---
title: "How to make your SQL database faster"
excerpt: "Most SQL performance problems come from the same handful of causes. Here's how to diagnose and fix them, and when the problem isn't query optimization at all."
authors: "Tinybird"
categories: "AI Resources"
createdOn: "2026-05-11 00:00:00"
publishedOn: "2026-05-11 00:00:00"
updatedOn: "2026-05-11 00:00:00"
status: "published"
---

Your database is slow. Before you throw hardware at it or start rewriting queries at random, it helps to know why.

Most SQL performance problems have a short list of causes: missing indexes, queries that scan more data than they need to, analytics patterns running against a transactional database, or connection handling that breaks down under load. Each has a fix. Some are a one-liner. A few require rethinking the architecture.

This post covers all of them, in order of how often they show up.

## Check what's actually slow first

Don't guess. Run `EXPLAIN ANALYZE` before touching anything.

```sql
EXPLAIN ANALYZE
SELECT u.name, count(o.id) AS order_count
FROM users u
JOIN orders o ON o.user_id = u.id
WHERE u.created_at > '2026-01-01'
GROUP BY u.name
ORDER BY order_count DESC
LIMIT 20;
```

In Postgres, the output shows you execution time, rows scanned vs. rows returned, and which nodes are doing the most work. Look for:

- **Seq Scan** on a large table: usually means a missing index
- **rows=1000000** with **actual rows=12**: the planner estimated wrong, often due to stale statistics
- **Hash Join** on a huge table: might be better served with a different join strategy or a filtered subquery
- High **actual time** on a node that should be cheap: points to data volume or a type mismatch slowing the index lookup

Postgres also has `pg_stat_statements`, which surfaces your slowest queries by total execution time across all calls:

```sql
SELECT query, calls, total_exec_time, mean_exec_time, rows
FROM pg_stat_statements
ORDER BY total_exec_time DESC
LIMIT 10;
```

Fix the queries at the top of this list. A query taking 800ms that runs 10,000 times a day is more important than one taking 5 seconds that runs twice.

## Add the right indexes

The most common cause of slow queries is scanning rows you don't need to. Indexes fix this.

The simplest case: a `WHERE` clause on an unindexed column.

```sql
-- Slow: full table scan on 10M users
SELECT * FROM users WHERE email = 'ada@example.com';

-- Fix
CREATE INDEX CONCURRENTLY idx_users_email ON users (email);
```

`CONCURRENTLY` lets the index build without locking the table. Use it in production.

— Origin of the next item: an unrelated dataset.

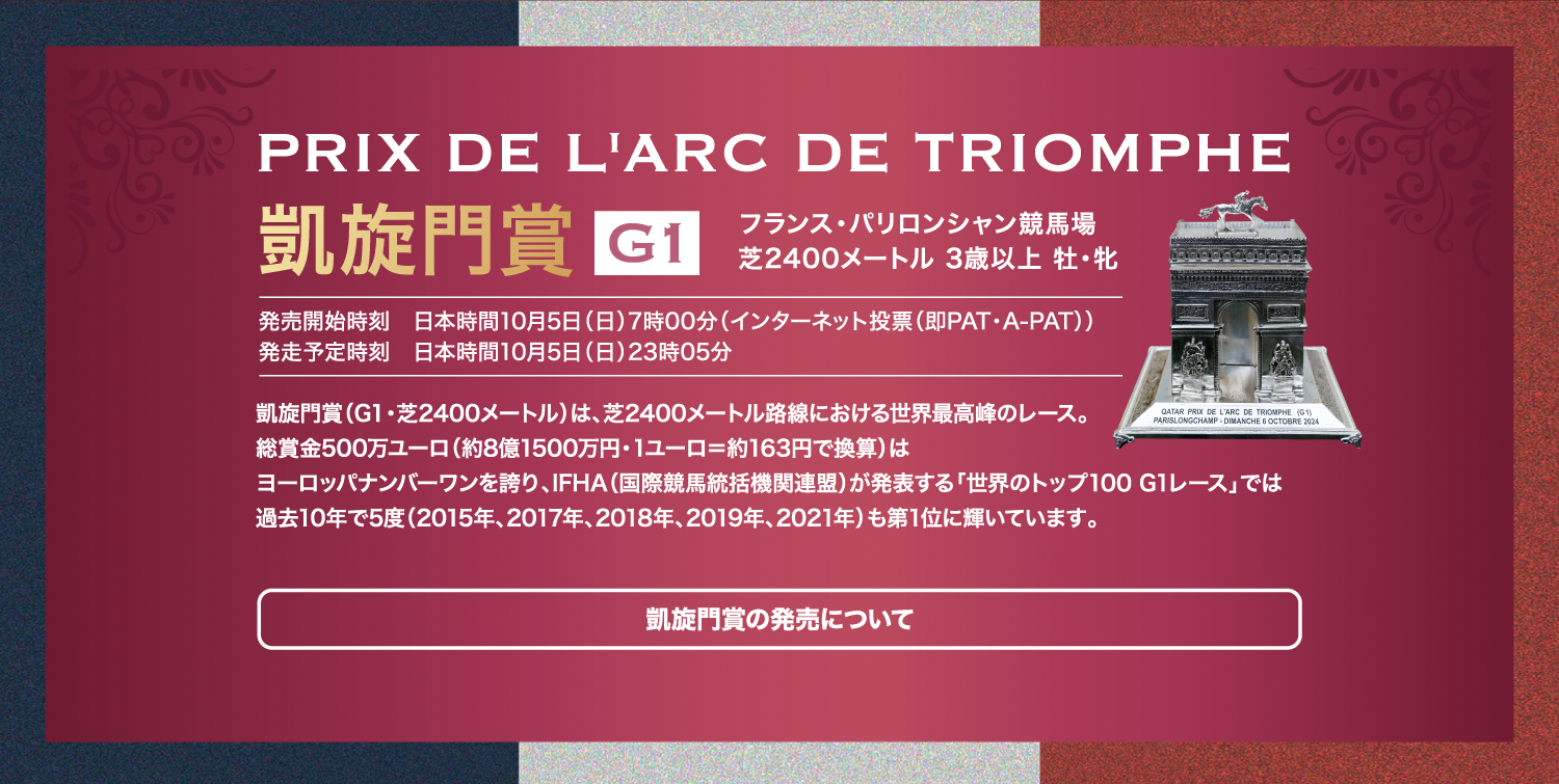 JRAインターネット投票でご購入いただいた、10月5日(日)にフランスで開催される「凱旋門賞」の馬券であれば有効です。

For multi-column filters, column order in the index matters. Put the most selective column first, and match the order of your `WHERE` clauses:

```sql
-- Query filters by status then created_at
SELECT * FROM orders
WHERE status = 'pending' AND created_at > now() - interval '7 days';

-- Index: status first (low cardinality but filters heavily), then created_at
CREATE INDEX idx_orders_status_created ON orders (status, created_at);
```

If your query includes `ORDER BY` on the same columns as the `WHERE`, a covering index avoids a sort step entirely:

```sql
-- This query both filters and sorts by created_at
SELECT id, user_id, total FROM orders
WHERE user_id = 42
ORDER BY created_at DESC
LIMIT 10;

-- Covering index: user_id for the filter, created_at for the sort, include the projected columns
CREATE INDEX idx_orders_user_created ON orders (user_id, created_at DESC)
INCLUDE (id, total);
```

One warning: indexes aren't free. Every write to the table updates every index on it. Don't index every column. Index the columns that appear in `WHERE`, `JOIN ON`, and `ORDER BY` clauses in your slowest queries.

## Stop using SELECT *

`SELECT *` fetches every column from every matched row. If you need 3 columns from a 40-column table, you're reading 37 extra columns from disk on every row.

```sql
-- Slow: reads all 40 columns
SELECT * FROM events WHERE user_id = 42;

-- Fast: reads only what you need
SELECT id, event_type, created_at FROM events WHERE user_id = 42;
```

This matters more than it sounds. Wide tables with `JSONB` or `TEXT` columns balloon row sizes. Fetching those columns takes real I/O even when you immediately discard them in application code.

## Fix N+1 queries

N+1 is the most common application-level performance problem. It happens when you load a list of records and then query for related data on each one individually.

```typescript
// N+1: 1 query for users + N queries for their orders
const users = await db.query("SELECT id, name FROM users LIMIT 100");
for (const user of users) {
  user.orders = await db.query(
    "SELECT * FROM orders WHERE user_id = $1", [user.id]
  );
}
```

This fires 101 queries. Replace it with a JOIN or a single `IN` query:

```typescript
// 1 query
const rows = await db.query(`
  SELECT u.id, u.name, o.id AS order_id, o.total
  FROM users u
  LEFT JOIN orders o ON o.user_id = u.id
  WHERE u.id = ANY($1)
`, [userIds]);
```

ORM users: N+1 is almost always a missing `.include()` / `.with()` / `.preload()` call on a relationship. Turn on query logging in development and watch for repeated queries with different ID parameters.

## Use connection pooling

Each Postgres connection is an OS process. Opening a new one takes 20-50ms and consumes memory. If your application opens a new connection per request and you're handling 500 req/sec, you're spending 10-25 seconds per second just on connection setup.

Use a connection pool. In Node.js with `pg`:

```typescript
import { Pool } from "pg";

const pool = new Pool({
  connectionString: process.env.DATABASE_URL,
  max: 20,           // max pool size
  idleTimeoutMillis: 30_000,
  connectionTimeoutMillis: 2_000,
});

// Reuses connections from the pool
const result = await pool.query("SELECT ...");
```

For higher scale, put PgBouncer in front of Postgres in transaction-mode pooling. It multiplexes thousands of application connections onto a small number of actual Postgres connections. A Postgres instance that falls over at 200 direct connections can handle 5,000+ application connections behind PgBouncer with no code changes.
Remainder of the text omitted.